■ **Work to complete**:
Pictures in the material below are to be left out, and only the lines from the line with "3821 - وَعَنْ" up to and including the line with "Karaman ve ülke" are to be written out exactly.

■ **Exercise material**:
┄┄┄┄┄┄

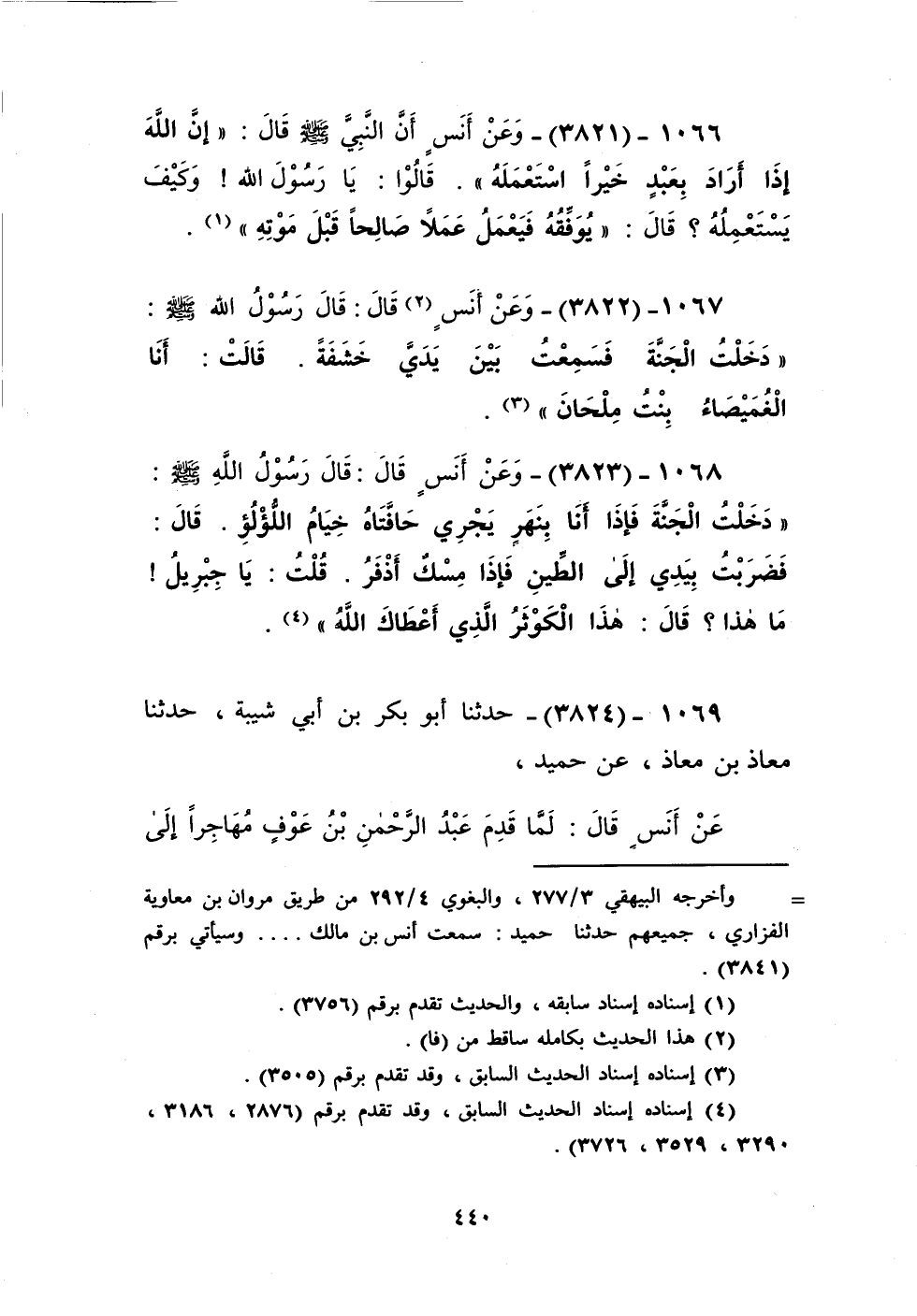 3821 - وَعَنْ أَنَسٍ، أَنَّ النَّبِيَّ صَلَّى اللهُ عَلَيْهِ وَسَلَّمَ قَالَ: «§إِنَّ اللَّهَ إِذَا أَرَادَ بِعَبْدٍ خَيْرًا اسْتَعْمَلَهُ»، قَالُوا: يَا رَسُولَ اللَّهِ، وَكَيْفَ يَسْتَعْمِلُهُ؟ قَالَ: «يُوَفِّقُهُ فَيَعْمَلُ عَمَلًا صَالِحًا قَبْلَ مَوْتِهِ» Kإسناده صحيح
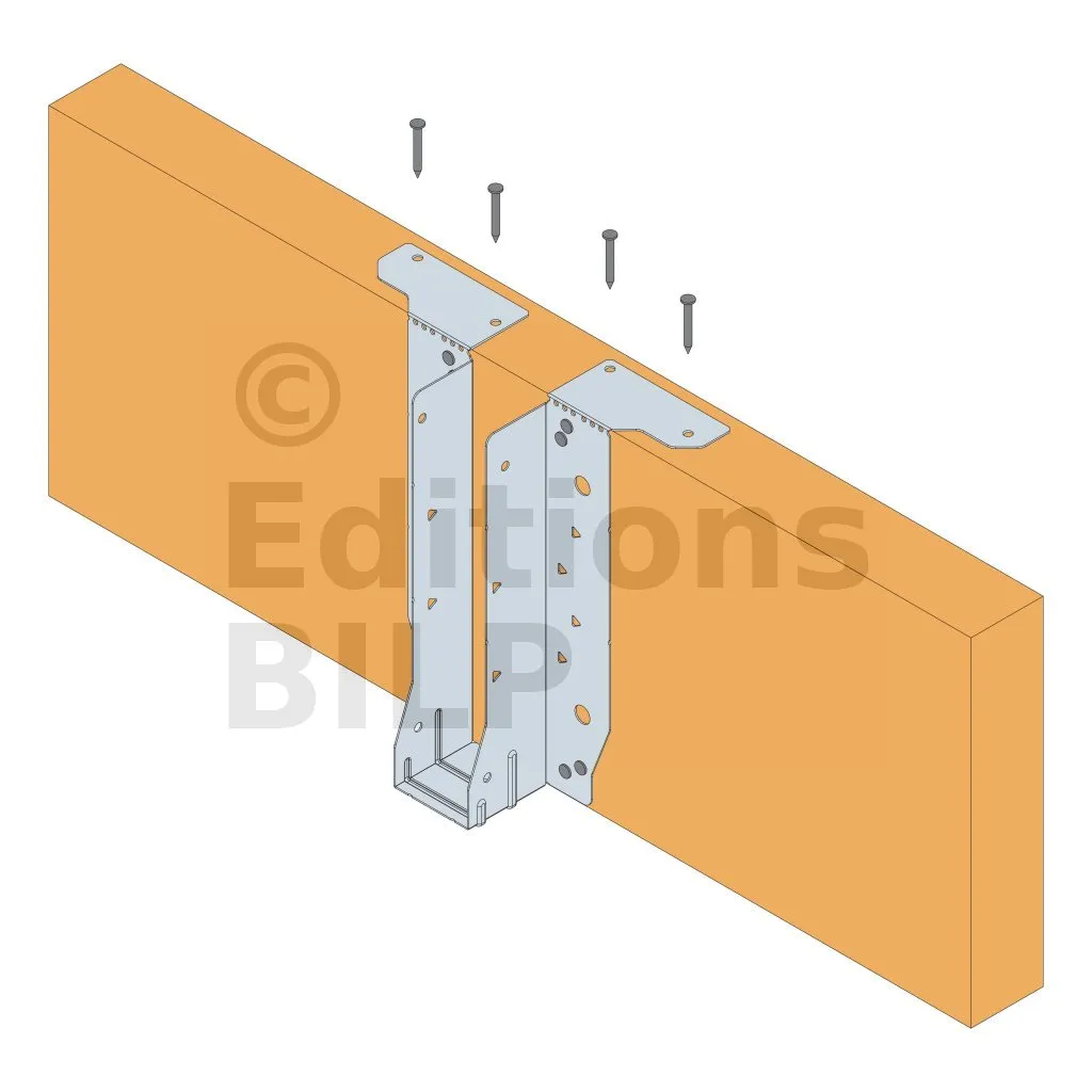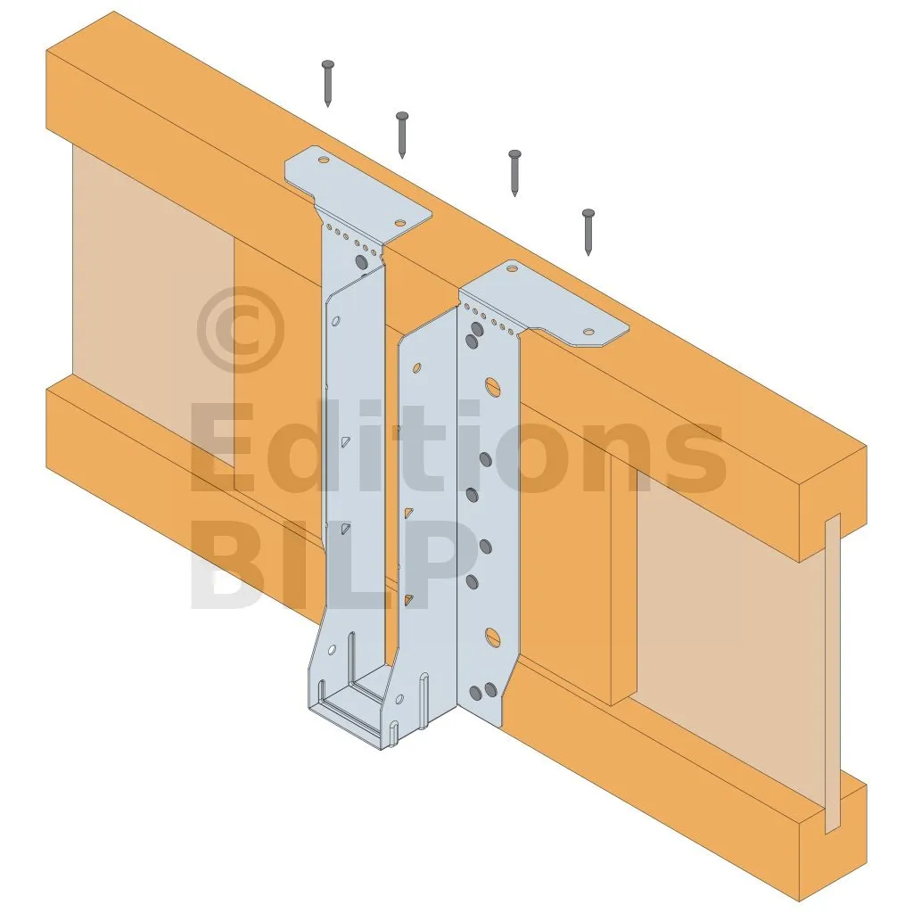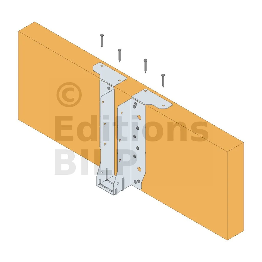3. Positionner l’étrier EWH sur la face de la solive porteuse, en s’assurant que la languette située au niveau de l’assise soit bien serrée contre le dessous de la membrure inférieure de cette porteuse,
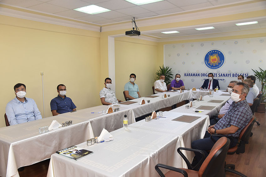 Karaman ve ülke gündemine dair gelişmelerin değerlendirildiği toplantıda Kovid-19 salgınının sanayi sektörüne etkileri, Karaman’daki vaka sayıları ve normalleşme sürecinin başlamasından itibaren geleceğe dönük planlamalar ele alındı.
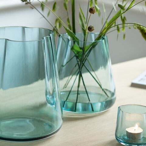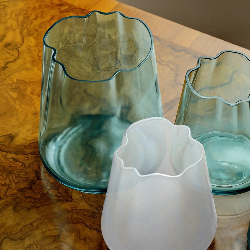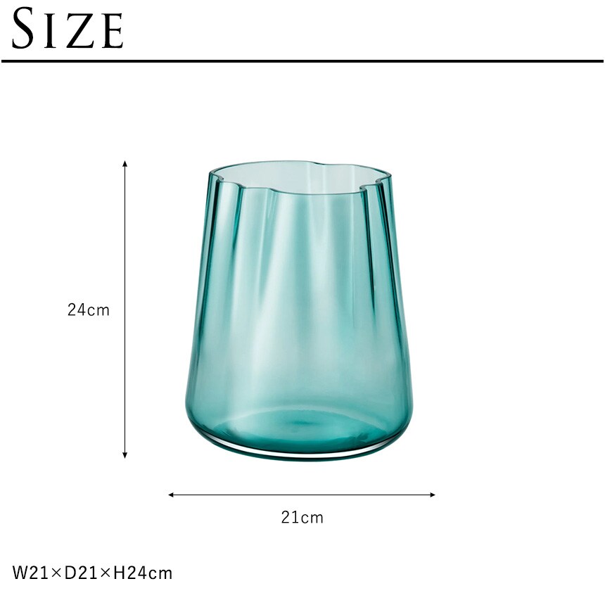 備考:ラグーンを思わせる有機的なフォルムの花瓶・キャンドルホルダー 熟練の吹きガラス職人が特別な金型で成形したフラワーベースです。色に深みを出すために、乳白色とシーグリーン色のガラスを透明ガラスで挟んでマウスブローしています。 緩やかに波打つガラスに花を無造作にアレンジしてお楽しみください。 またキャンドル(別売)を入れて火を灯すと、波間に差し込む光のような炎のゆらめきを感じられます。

┄┄┄┄┄┄

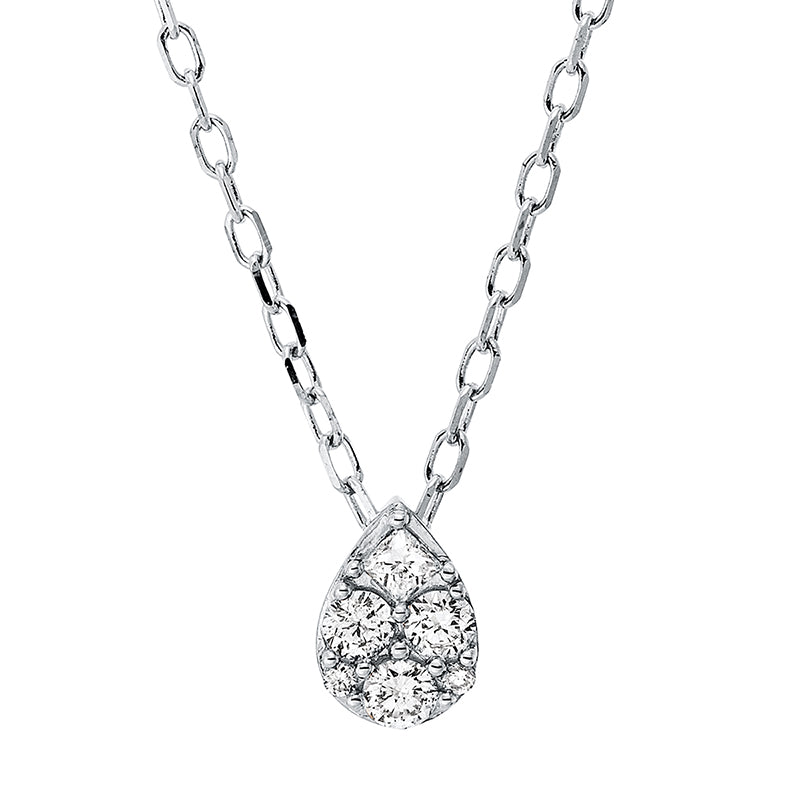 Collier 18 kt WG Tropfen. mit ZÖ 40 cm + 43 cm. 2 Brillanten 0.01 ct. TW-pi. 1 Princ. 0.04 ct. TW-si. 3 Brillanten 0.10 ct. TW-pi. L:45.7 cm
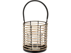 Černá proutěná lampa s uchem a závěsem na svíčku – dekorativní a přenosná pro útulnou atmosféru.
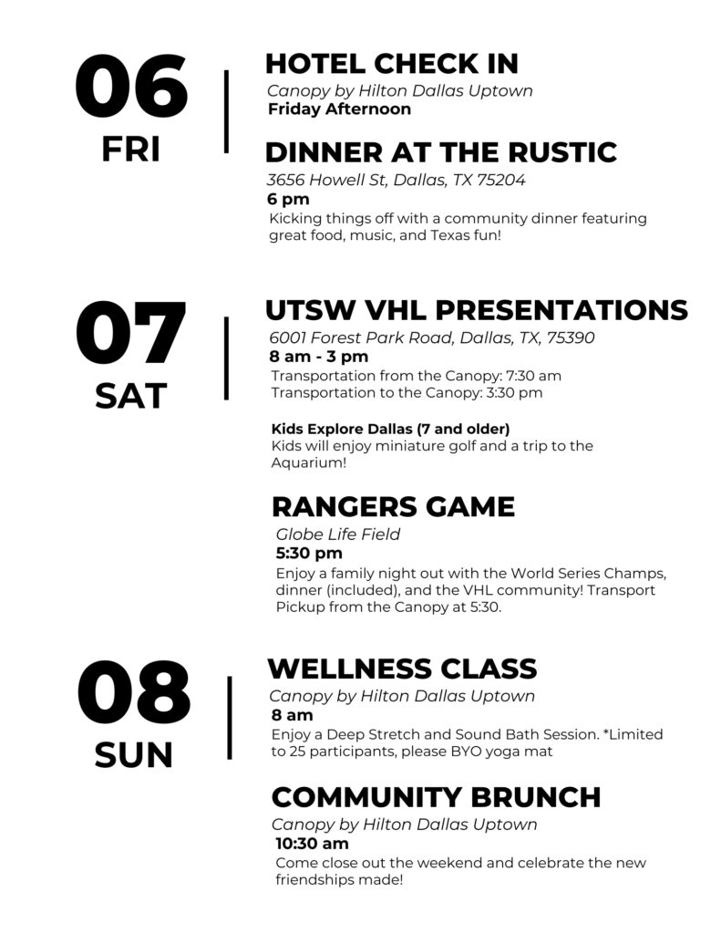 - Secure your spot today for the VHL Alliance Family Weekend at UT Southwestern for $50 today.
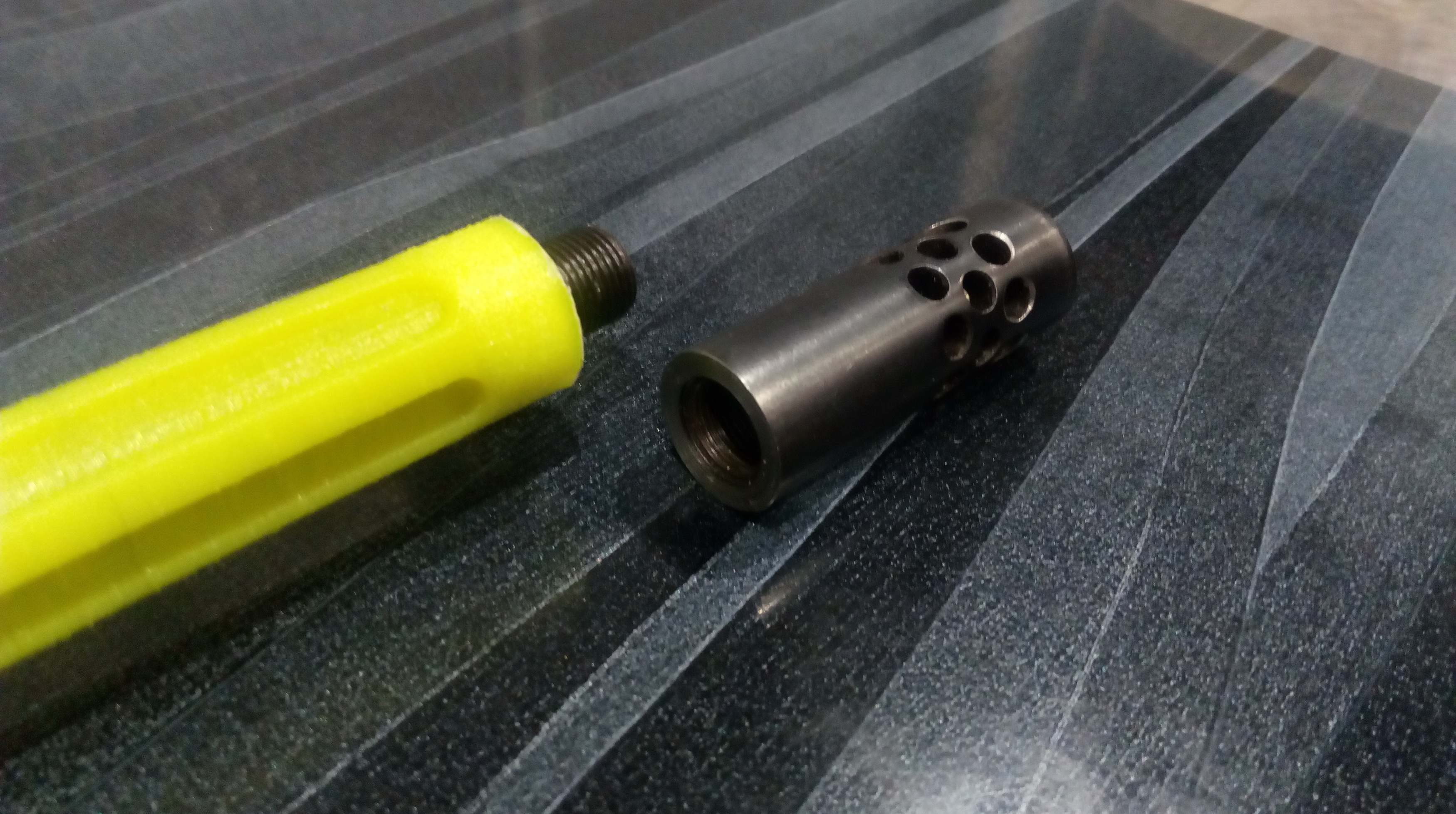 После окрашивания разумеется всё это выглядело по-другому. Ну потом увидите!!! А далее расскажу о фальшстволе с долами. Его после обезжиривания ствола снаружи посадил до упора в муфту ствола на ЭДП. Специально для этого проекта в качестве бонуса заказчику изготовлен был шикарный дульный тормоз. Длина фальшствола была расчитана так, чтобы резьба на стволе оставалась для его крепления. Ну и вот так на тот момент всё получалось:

┄┄┄┄┄┄

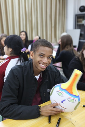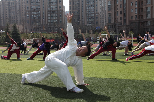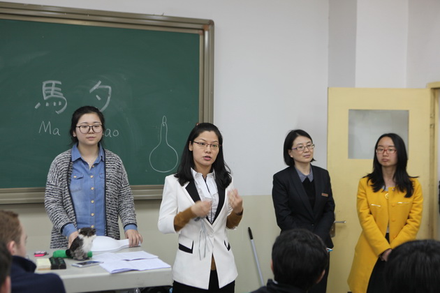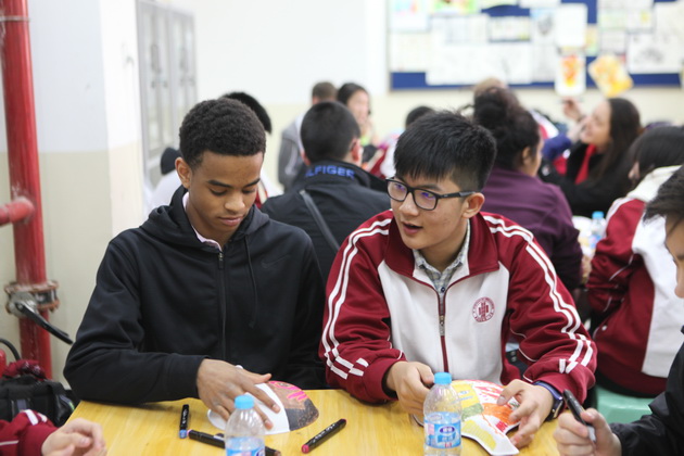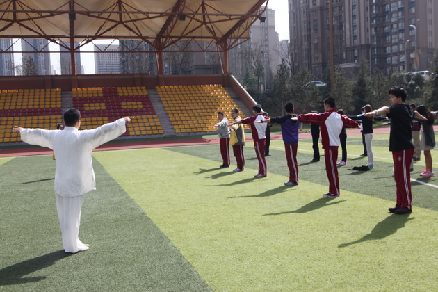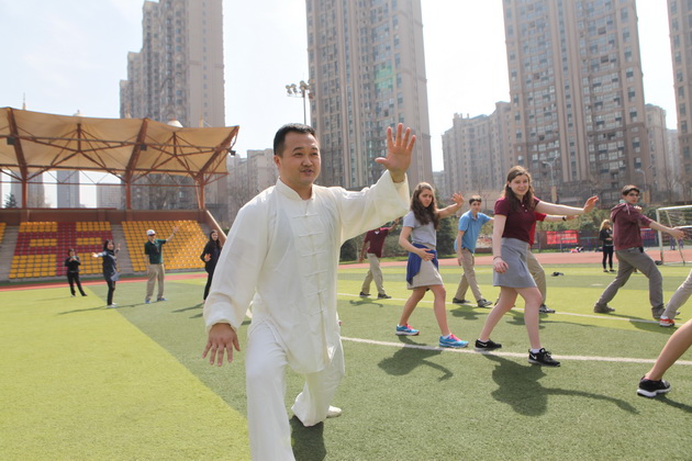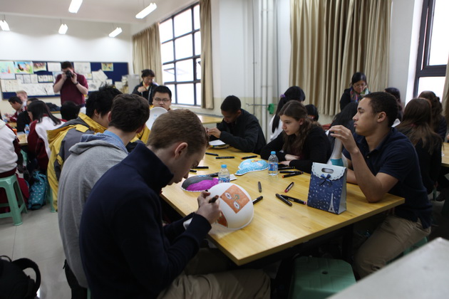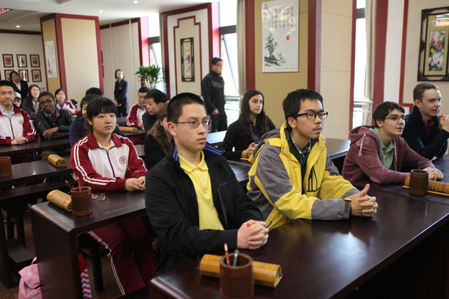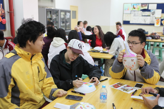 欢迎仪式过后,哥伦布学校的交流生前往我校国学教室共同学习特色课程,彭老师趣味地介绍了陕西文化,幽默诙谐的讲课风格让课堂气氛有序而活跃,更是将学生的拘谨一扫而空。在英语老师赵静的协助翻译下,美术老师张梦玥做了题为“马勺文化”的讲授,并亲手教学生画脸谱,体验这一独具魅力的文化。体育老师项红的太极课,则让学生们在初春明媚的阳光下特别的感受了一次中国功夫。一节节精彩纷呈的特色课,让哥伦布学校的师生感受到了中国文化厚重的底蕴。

┄┄┄┄┄┄

■ **Response for this exercise**:
 3821 - وَعَنْ أَنَسٍ، أَنَّ النَّبِيَّ صَلَّى اللهُ عَلَيْهِ وَسَلَّمَ قَالَ: «§إِنَّ اللَّهَ إِذَا أَرَادَ بِعَبْدٍ خَيْرًا اسْتَعْمَلَهُ»، قَالُوا: يَا رَسُولَ اللَّهِ، وَكَيْفَ يَسْتَعْمِلُهُ؟ قَالَ: «يُوَفِّقُهُ فَيَعْمَلُ عَمَلًا صَالِحًا قَبْلَ مَوْتِهِ» Kإسناده صحيح
3. Positionner l’étrier EWH sur la face de la solive porteuse, en s’assurant que la languette située au niveau de l’assise soit bien serrée contre le dessous de la membrure inférieure de cette porteuse,
 Karaman ve ülke gündemine dair gelişmelerin değerlendirildiği toplantıda Kovid-19 salgınının sanayi sektörüne etkileri, Karaman’daki vaka sayıları ve normalleşme sürecinin başlamasından itibaren geleceğe dönük planlamalar ele alındı.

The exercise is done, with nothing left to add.